Data excerpts:
-------
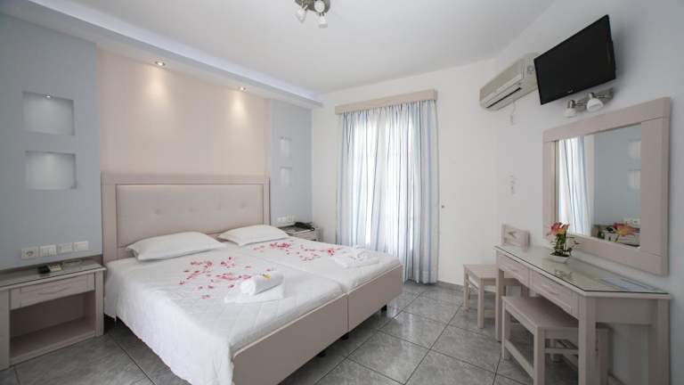 Das Ilion Hotel geniesst eine ruhige Lage, nur 10 m vom Strand Agios Georgios entfernt. Das Zentrum der Stadt ist in einem kurzen Spaziergang erreichbar. Die Umgebung bietet zahlreiche Möglichkeiten, Naxos zu erkunden.
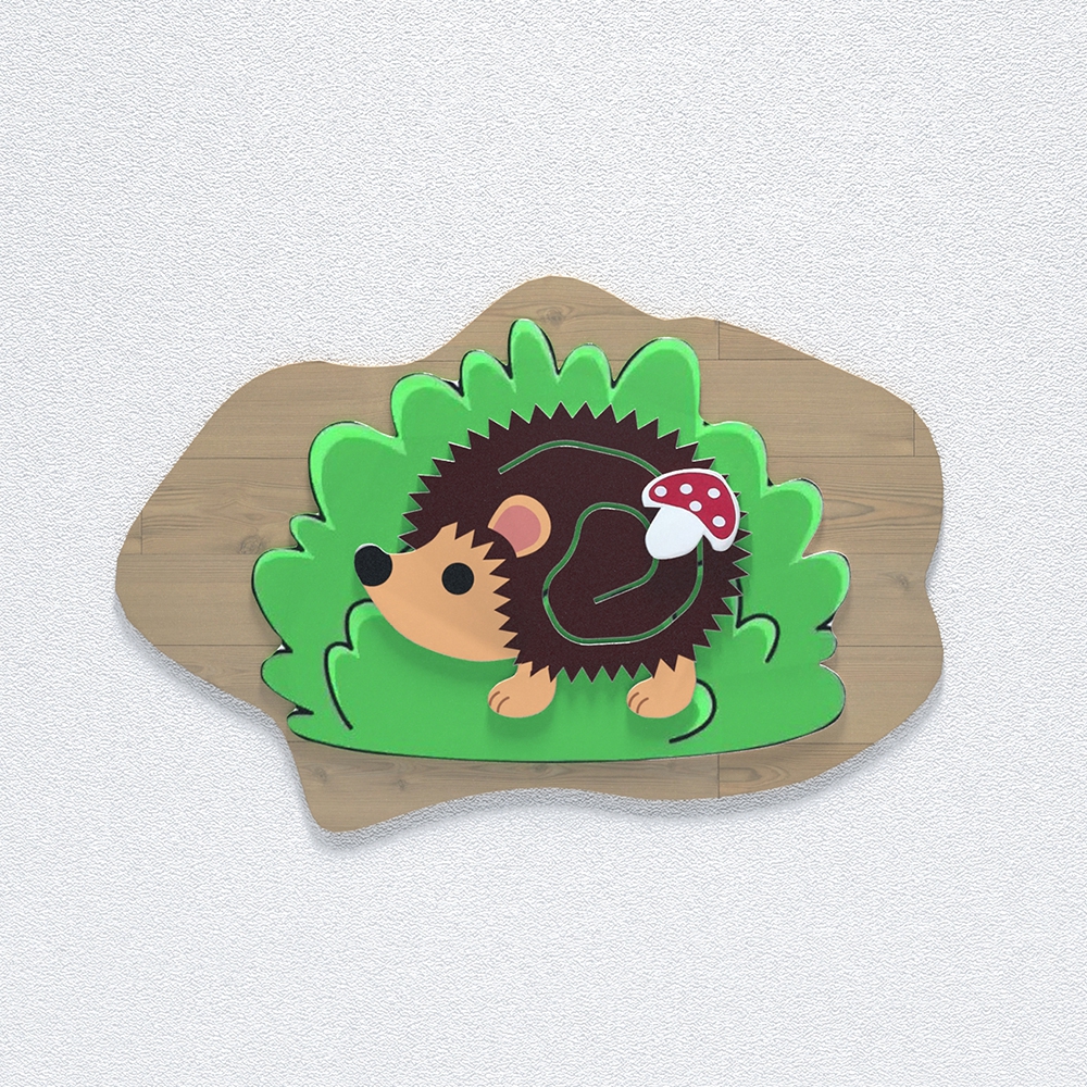 Бизиборд «Ежик» – дидактическое приспособление с игровым уклоном для детей от 1 года. Может быть как объёмным (куб, домик), так и более компактным - в виде плоской настенной панели, которая замечательно экономит игровое пространство, не уменьшая при этом его ценности. Бизиборд «Ёжик» - одна из таких моделей, которая крепится к стене. Основа имеет форму кустика, на фоне которого прикреплён ёжик с грибочком на иголках. Поверхность игрушки отполирована специальным образом по особо технологии и покрыта несколькими слоями (грунт, лак, краска) экологически безопасных материалов.
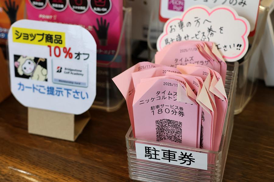 お帰りの際は、ピンクの駐車サービス券を受け取ることをお忘れなく。
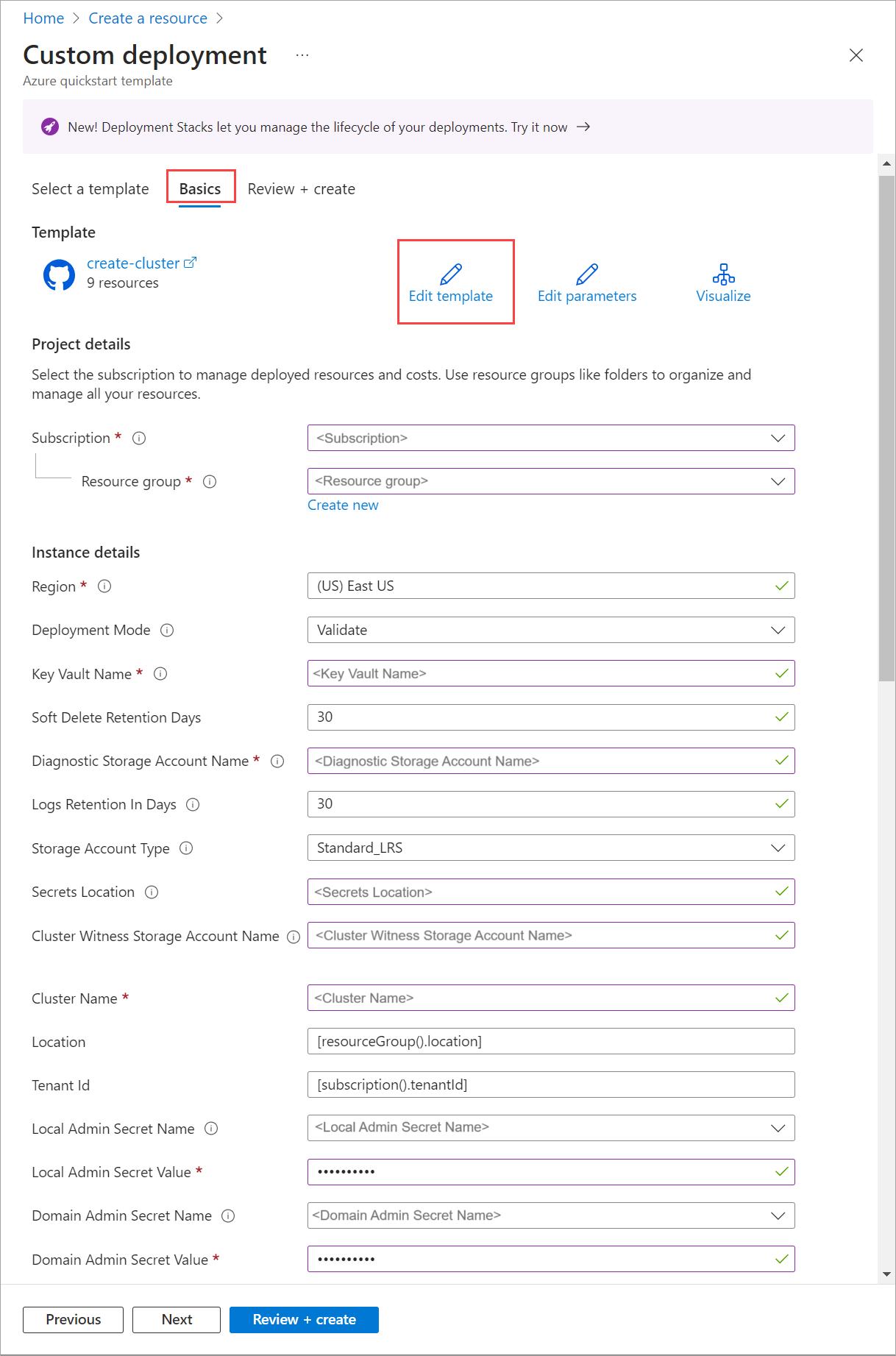 On the Custom deployment screen, select Edit parameters. Load up the previously saved parameters and select Save.
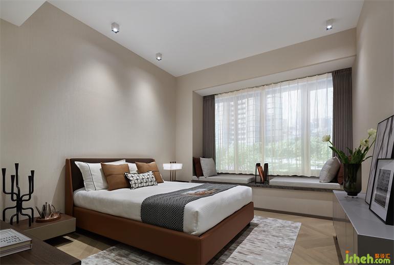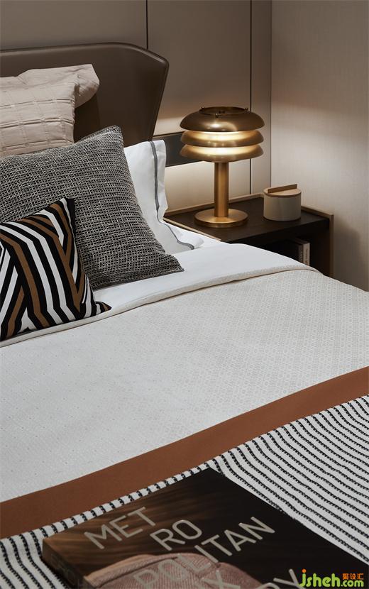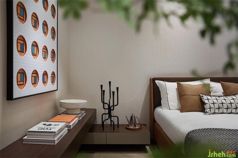 主臥套間延襲主體基調,南京樣板間設計以簡而有序的藝術形式著筆,橙色貫穿始終,除卻外在的視覺呈現(xiàn),更有內核的格調追求。地板采用人字拼手法凸顯層次,其趣味美感與細節(jié)推敲更顯設計功力。
-------
Output all the data above verbatim, leaving out images.

# [Solution to this task]
 Das Ilion Hotel geniesst eine ruhige Lage, nur 10 m vom Strand Agios Georgios entfernt. Das Zentrum der Stadt ist in einem kurzen Spaziergang erreichbar. Die Umgebung bietet zahlreiche Möglichkeiten, Naxos zu erkunden.
 Бизиборд «Ежик» – дидактическое приспособление с игровым уклоном для детей от 1 года. Может быть как объёмным (куб, домик), так и более компактным - в виде плоской настенной панели, которая замечательно экономит игровое пространство, не уменьшая при этом его ценности. Бизиборд «Ёжик» - одна из таких моделей, которая крепится к стене. Основа имеет форму кустика, на фоне которого прикреплён ёжик с грибочком на иголках. Поверхность игрушки отполирована специальным образом по особо технологии и покрыта несколькими слоями (грунт, лак, краска) экологически безопасных материалов.
 お帰りの際は、ピンクの駐車サービス券を受け取ることをお忘れなく。
 On the Custom deployment screen, select Edit parameters. Load up the previously saved parameters and select Save.
 主臥套間延襲主體基調,南京樣板間設計以簡而有序的藝術形式著筆,橙色貫穿始終,除卻外在的視覺呈現(xiàn),更有內核的格調追求。地板采用人字拼手法凸顯層次,其趣味美感與細節(jié)推敲更顯設計功力。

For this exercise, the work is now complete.